Successful Electrification May Require Cooperation with China as the Fight Over Battery-Grade Materials Ramps Up

Battery-Grade Materials in Short Supply

        Due to China’s growing control of the world’s supply of battery-grade materials, it’s possible nobody will be successful transitioning to EVs without having some type of cooperation with China.

Image from Tesla’s announcement of the beginning of construction on their in-house lithium refinery in Corpus Christi, Texas. Image via Tesla [linked].

Tesla: Too Little Too Late?

         In May 2023 Tesla started building their $375 million lithium refinery in Texas, expected to be completed in two years. This comes at a time when almost all precious metals mined domestically are shipped to China to be refined into battery-grade materials. With its relative monopoly on processing aside, China is well ahead of the competition in the EV battery industry in terms of establishing and securing itself a steady supply of these materials.
            According to a recent New York Times article, China owns most of the cobalt mines in Congo (41% of the world’s scarce supply), owns the most mining for lithium, and will be the largest controller of nickel soon.
          So amidst China’s market domination and the related deglobalisation of new energy supply chains, the U.S. is still looking to secure its place in the industry to ensure that its own supply of battery-grade materials doesn’t depend on China, a nation with which our diplomatic ties are, at best, tricky. Tesla’s lithium processing facility is a major step towards that, albeit just one.
          Venkat Srinivasan, Former Director of the Argonne National Library’s Argonne Collaborative Center for Energy Storage Science, takes an honest assessment of the U.S.’s current situation,

“Where is the supply? We don’t make electrode materials. We don’t make materials that go into the rest of the battery. We don’t process the minerals. We don’t even mine them.”

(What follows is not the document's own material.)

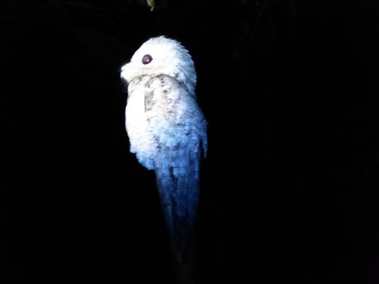 Nach dem Abendessen geht es dann den gleichen Weg durchs Dickicht zum Fluss. Einige giftige, aber wohl nicht tödliche Spinnen spinnen ihre Netze am Wegesrand, während eine Gruppe nachtaktiver Äffchen im Blätterdach über uns herumturnt. Bei der Überquerung eines kleinen Baches kommt uns noch ein Käuzchen, oder Eule, oder was auch immer für ein nachtaktiver Vogel vor die Linse und lässt sich fürs Foto fast fünf Minuten lang von unserem Guide direkt mit der Taschenlampe anleuchten.
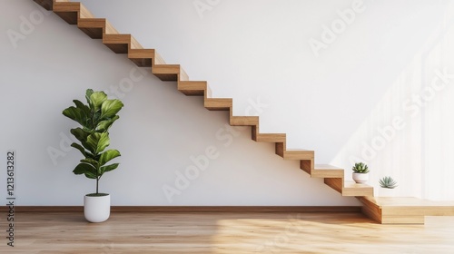 Minimalist interior space, floating wooden staircase mounted on white wall, light wooden flooring, fiddle leaf fig plant in white ceramic pot, small succulent plant, clean aesthetic, natural

           Lithium has widely been dubbed the “new white gold”, or in some cases, “the new oil”; dissimilar to oil, lithium batteries can be used, reused, and recycled.         

          So while we are immensely behind in terms of securing our own supply of battery materials, some argue that we should switch our focus to the processes necessary to recycle these materials for reuse, back into battery-grade materials.
          Of course, in order for this to come to fruition it needs to become an economically viable pursuit. For now, the scarcity of these materials alone does not make it make sense. Instead, the focus is shifting to interventions that may make battery recycling more profitable. The California EPA formed an advisory committee in early 2022 that explored and later published a piece on how to improve U.S. Lithium-ion battery recycling rates.
          According to their policy recommendations (page 36), the transportation of these materials is estimated to be between 40-60% of the EOL costs. Their proposed solution is to create a collection system “with strategic infrastructure that enables batteries to be regionally accumulated prior to transport” (36). This solves two issues: transport becomes more cost-effective and transport-related emissions are reduced.
          This solution also solves another pertinent issue in the world of battery recycling: responsibility. The California EPA’s working group highlights how complicated the second-life industry is. There are many players in this space with unclear boundaries on where their work begins and ends. A centralized battery recycling facility might be what dealerships, auto-dismantlers, insurance auctions, and scrap-metal recycling facilities need in order to begin working together.

*SHiFT Enters the Chat*

         SHiFT has begun the process of building collaboration and trust between different actors in the industry and part of the motivation behind this is to build the foundation for a circular recycling system for all parts of a vehicle. Good things happen when skilled individuals work together.
          All in all, the business of battery making has huge capital costs and thin profit margins. If the upfront capital costs can be avoided via the use of more recycled materials there is a real opportunity to make electrification cheaper, and therefore more accessible.
          Getting ahead of full-scale electrification and setting up a more circular economy before these vehicles reach their EOL points might just be the only way left for the U.S. to secure themselves a supply of the materials, namely the precious metals, necessary for EV production at scale.